Note: The naming examples given here are to be decided at a project level. Always consider the ability to query functionality post test execution. The question: “Was this item tested in the last run?” must be able to be answered by a simple query against the test documentation repository (TFS).  

The following graph is an example of the current state of tests cases for a given test suite:  

This would aid the stakeholder communication mentioned earlier, in this particular case knowing that 3 test cases were blocked and 2 failed would mean that the code is not yet at the correct level of quality for release to production.  

TEST PLANS  

Test Plan – End to End System 

A test plan is the overall container for the test suites, which are in turn a container for test cases. A test case is the most granular level and the outcome is binary in that it either passes or it fails and has a defect associated with it. (Note: in the VS tooling the options are pass, fail, blocked and not applicable, the latter 2 are outside of aforementioned binary.) Often a test plans exist at numerous functional levels and all test plans sets should have a regression suite. Ideally the regression suite should be automated. Test plans will likely contain suites that cover requirements. Importantly, the overall test plan is the master set of test cases for a full end to end system test. The understanding of test surface area and correct categorization will help the testers understand what needs to be run for a given set of requirements. Therefore, the test plan should have all tests for a particular system version. The name of the test plan would usually reflect the business requirement that it is testing for within the system. For example:  

• HR System - Expense Claim   

• [System Name] – [Business Requirement]  

TEST SUITES  

The test suites are related to a specific requirement within a system. The test suite is intended to completely validate the requirement that it is named for. An example of this would be:  

• Functional - Expense Claim – Positive  

• [Test Purpose {Functional/Non Functional/…}] - [Requirement Area] - [Test Function {Positive/Negative/…}]  

TEST CASES  

A test case must be a binary result. It either passes, or fails and produces a defect. All examples below are generalized to the use of K2 SmartForms. Where concrete examples are given, the expense claim system example is used, if can be found here.   
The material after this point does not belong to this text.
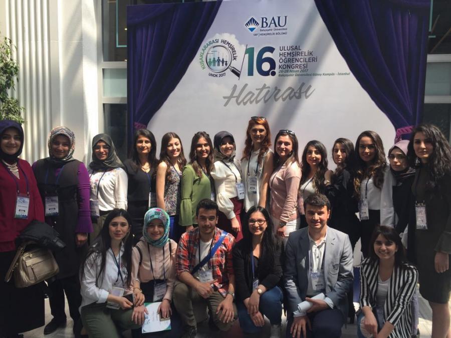 Hemşirelik Bölümü öğrencileri ve Arş. Gör. Bahar CANDAŞ, 26-28 Nisan 2017 tarihleri arasında İstanbul Bahçeşehir Üniversitesi’nde düzenlenen “16. Ulusal Hemşirelik Öğrencileri Kongresi” kongresine 2 sözel ve 5 poster bildiri ile katıldılar.

Note: not all controls exist in the given example.   

Naming sample:  

• Validate AutoComplete Function  

• [Test Type {Validated/Security/…}] [Control Type / Control Name / Area / Specific Item Under Test]  

• Test cases usually cover a set of requirements per control / item / scenario:  

1. Validate Blank Text Entry Fails  

2. Validate MaxLength (200) Text Entry Succeeds  

3. Etc.  

RUNNING TESTS  

The tool used here is Microsoft Test Manager (MTM). A web version is available and has similar functionality, bar the recording capabilities.  

To run the test configured above the first step should be to move them from the ‘Design’ status to the ‘Ready’ status. The general flow of this step is that a tester will create the test cases. These will be in ‘Design’ status and then post review with the test lead they get changed to ‘Ready’.   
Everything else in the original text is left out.